Help Center/ GaussDB(DWS)/ Management Guide/ Monitoring and Alarms/ Alarms/ Alarm Handling/ DWS_2000000009 Node Data Disk I/O Usage Exceeds the Threshold
Updated on 2024-09-05 GMT+08:00

DWS_2000000009 Node Data Disk I/O Usage Exceeds the Threshold

Description

GaussDB(DWS) collects the data disk I/O usage of each cluster node every 30 seconds. This alarm is generated when the average usage of a data disk on a node exceeds 90% (configurable) in the last 10 minutes (configurable), and is automatically cleared when the average usage drops below 85% (alarm threshold minus 5%).

  • If the data disk I/O usage of a node is always greater than the alarm threshold, the alarm is generated again 24 hours later (configurable).
  • When using an SSD storage-based cluster, disk I/O can surpass 100% as the service volume grows. But, this does not always mean there is a performance bottleneck. To confirm the alarm's validity, you should evaluate the service's actual running status.

Alarm Attributes

Alarm ID

Alarm Category

Alarm Severity

Alarm Type

Service Type

Auto Cleared

DWS_2000000009

Management plane alarm

Urgent: > 90%

Operation alarm

GaussDB(DWS)

Yes

Alarm Parameters

Category

Name

Description

Location information

Name

Node Data Disk I/O Usage Exceeds the Threshold

Type

Operation alarm

Generation time

Time when the alarm is generated

Other information

Cluster ID

Cluster details such as resourceId and domain_id

Impact on the System

  • High disk I/O usage affects data read and write performance, thereby affecting cluster performance.
  • A large number of disk writes occupy the disk capacity. If the disk capacity exceeds 90%, the cluster becomes read-only.

Possible Causes

  • A large number of read or write operations are performed during peak hours.
  • A large amount of data spills to disks due to the execution of complex statements.
  • Data is scanned by the Scan operator.

Handling Procedure

  1. On the Clusters > Dedicated Clusters page, locate the row that contains the target cluster and click Monitoring in the Operation column.
  2. In the navigation pane on the left, choose Monitoring > Node Monitoring. On the Node Monitoring page, click the Disks tab to view the data disk I/O usage and disk I/O rate.

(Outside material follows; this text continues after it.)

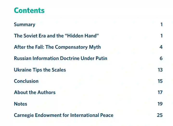 如果关于俄罗斯信息战的任何统一理论真的存在的话,其核心原则很可能是:在俄罗斯的战略思想中,政权安全与信息战历来是不可分割的。与其说克里姆林宫的所谓信息战是莫斯科外交政策的侵略性或扩张性表现,不如说它主要是通过国内和政权安全的棱镜来看待的--它既是一种反叛乱,也是一种远征战略,与其说是升级,不如说是投射。因此,分析家和决策者应避免反射性地将美国和西方作为俄罗斯信息战的主要对手,因为这样做有可能强化这些不安全因素,并夸大莫斯科在信息生态系统中的权力程度。

    If the disk I/O rate is high and the data disk usage keeps increasing, it indicates that services are writing data to disks. This may be caused by complex queries.

  3. Click Queries in the navigation tree on the left to view the real-time queries.

    If the execution time of a statement exceeds the expected time, stop the query and check the disk I/O usage again. For details, see 2.

Alarm Clearance

This alarm is automatically cleared when the data disk I/O usage drops to a certain value.